Low pH conditions might be encountered by crystallins in vivo during differentiation of lens fiber cells. During differentiation, lens fiber cells go through a process very much like apoptosis and lose most of their organelles including the nuclear, mitochondria, and ER.¹⁸ Lysosomes are very active during this process,¹⁹ where acidic denaturation of crystallins might give rise to aggregation prone partially unfolded intermediates.

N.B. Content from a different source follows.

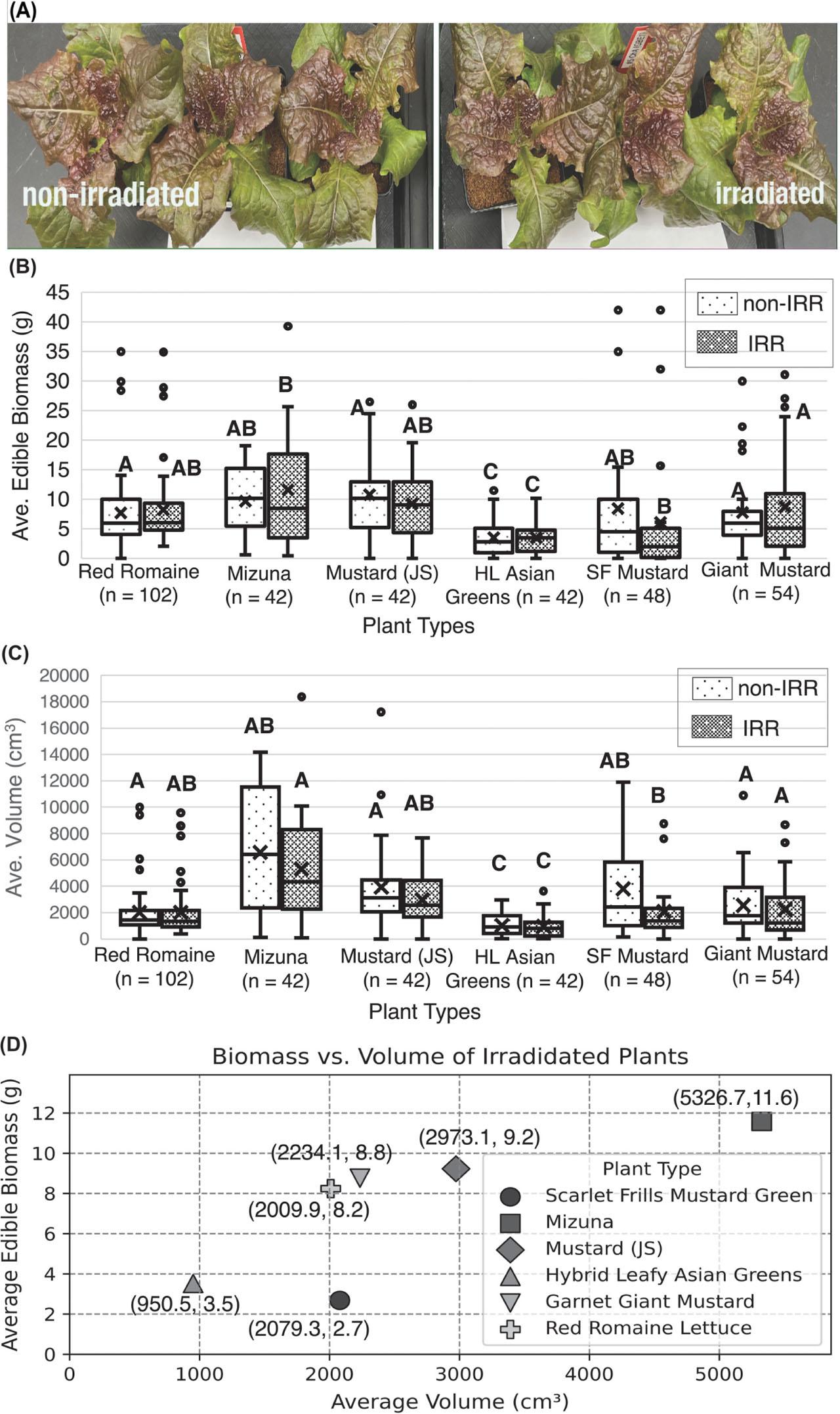 (A) Red romaine lettuce morphology under 230 μmol·m−2·s−1 PPFD treatment. (B) Boxplot analyses of edible biomass across six cultivars. Data are presented as mean ± SEM, with varying sample sizes per cultivar (n = 42–102). Letters indicate statistically significant differences across plant types. (C) Boxplot analyses of plant volume across six cultivars. Data are presented as mean ± SEM, with varying sample sizes per cultivar (n = 42–102). Letters indicate statistically significant differences across plant types. (D) A scatter plot of average edible biomass versus plant volume for irradiated plants across six testing cultivars.

Lysosomal involvement in amyloid fibril formation was proposed in the earliest investigations.²⁰ As noted, partial denaturation of transthyretin leads to the formation of amyloid fibrils in the pH range accessible to lysosomes in vivo.¹⁰ In this article, we use an in vitro approach to examine the presence of partially unfolded species of HγC-Crys in relation to the formation of amyloid fibrils and light-scattering species.

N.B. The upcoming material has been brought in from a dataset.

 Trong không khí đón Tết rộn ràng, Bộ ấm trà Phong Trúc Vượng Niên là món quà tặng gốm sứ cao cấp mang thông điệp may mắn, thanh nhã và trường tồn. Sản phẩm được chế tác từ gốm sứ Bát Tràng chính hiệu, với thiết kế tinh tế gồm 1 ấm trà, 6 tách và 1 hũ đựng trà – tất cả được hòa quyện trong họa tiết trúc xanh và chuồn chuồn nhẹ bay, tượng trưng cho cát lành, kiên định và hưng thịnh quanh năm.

We examined the secondary structure of HγC-Crys at low pH using intrinsic tryptophan fluorescence and UV resonance Raman spectroscopy. We show that the structure of HγC-Crys is perturbed when solution pH drops to pH 3. Under these conditions, HγC-Crys polymerized into amyloid fibrils in a manner dependent on changes of pH, temperature, and protein concentration. The formation of amyloid fibrils slightly precedes the rise of light-scattering species, which could be higher order structures formed by association of single fibrils.

Methods

Protein Expression and Purification from Escherichia coli

The plasmid containing HγC-Crys was a kind gift from Jack Liang at Brigham and Women's Hospital. Bacterial expression and purification of the recombinant proteins from Escherichia coli has been described.²¹ Briefly, protein expression was induced at 37°C by the addition of isopropyl β -d -1-thiogalactopyranoside. After cell lysis by sonication and removal of the insoluble material by centrifugation, the supernatant was treated with ammonium sulfate to precipitate proteins. Two ammonium sulfate steps were applied, consisting of a 30% precipitation and a 50% precipitation. The resuspension of the 50% ammonium sulfate pellet was filtered with a 0.2-μm filter and loaded onto a column (HiPrep Sephacryl S-100; dimension 26/60; GE Healthcare, Piscataway, NJ). The purified protein was stored at 4°C in 50 mM Tris-HCl, pH 7 buffer.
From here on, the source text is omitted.